▸ Stored data:
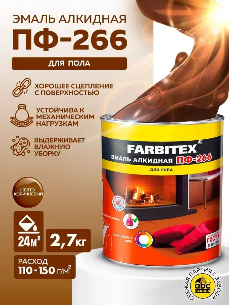 Краска для пола, эмаль алкидная ПФ-266 FARBITEX (Артикул: 4300001616, Цвет: Желто-коричневый, Фасовка 2,7 кг)
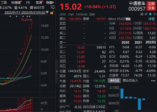 5月31日,中通客车尾盘再度涨停,收获13连板,报15.02元,成交额超20亿元。
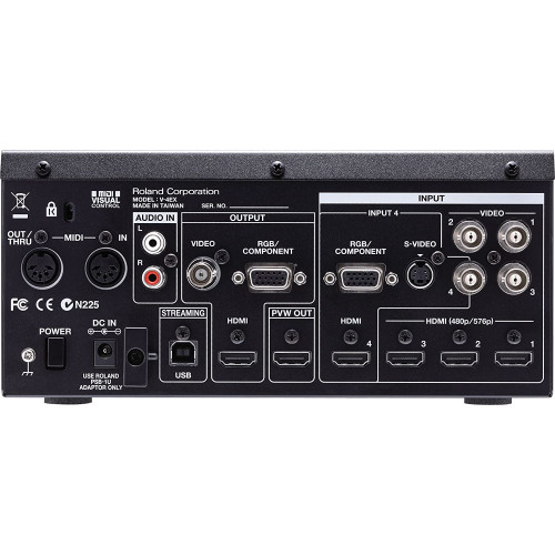 Vídeo y web streaming accesibles y de calidad? Con el V-4EX, la legendaria familia de los V-4 y V-8 ahora ofrece E/S HDMI, un tratamiento interno progresivo, la integración de audio, el streaming USB y una pantalla táctil integrada. La versatilidad del Roland V-4EX y sus características inigualables lo convierten en una opción ideal en una gran variedad de situaciones: clubes, conciertos, reuniones religiosas, eventos, reuniones, formaciones, bodas, enseñanzas y eventos deportivos. Características: 3 entradas (HDMI/compuesto) + 1 entrada (hasta 1080p HDMI/RGB/componentes/compuesto). Salida PGM (hasta 1080p HDMI + RGB/componentes + compuesto) + salida PVW (PVW/pantalla múltiple). Tratamiento interno progresivo 480p/576p? Pantalla táctil integrada con pantalla múltiple. Sincronizadores de imágenes (frames) para todas las entradas? Escalas para canal 4 y salida? 259 transiciones, 148 efectos. Compatible con HDCP. Integración del audio: Mezclador de audio y retraso. ¿Hasta 4 imágenes? Salida USB Streaming para transmisión por Internet.

▸ Assignment:
Output the material verbatim, skipping the images.

▸ Result of the task:
 Краска для пола, эмаль алкидная ПФ-266 FARBITEX (Артикул: 4300001616, Цвет: Желто-коричневый, Фасовка 2,7 кг)
 5月31日,中通客车尾盘再度涨停,收获13连板,报15.02元,成交额超20亿元。
 Vídeo y web streaming accesibles y de calidad? Con el V-4EX, la legendaria familia de los V-4 y V-8 ahora ofrece E/S HDMI, un tratamiento interno progresivo, la integración de audio, el streaming USB y una pantalla táctil integrada. La versatilidad del Roland V-4EX y sus características inigualables lo convierten en una opción ideal en una gran variedad de situaciones: clubes, conciertos, reuniones religiosas, eventos, reuniones, formaciones, bodas, enseñanzas y eventos deportivos. Características: 3 entradas (HDMI/compuesto) + 1 entrada (hasta 1080p HDMI/RGB/componentes/compuesto). Salida PGM (hasta 1080p HDMI + RGB/componentes + compuesto) + salida PVW (PVW/pantalla múltiple). Tratamiento interno progresivo 480p/576p? Pantalla táctil integrada con pantalla múltiple. Sincronizadores de imágenes (frames) para todas las entradas? Escalas para canal 4 y salida? 259 transiciones, 148 efectos. Compatible con HDCP. Integración del audio: Mezclador de audio y retraso. ¿Hasta 4 imágenes? Salida USB Streaming para transmisión por Internet.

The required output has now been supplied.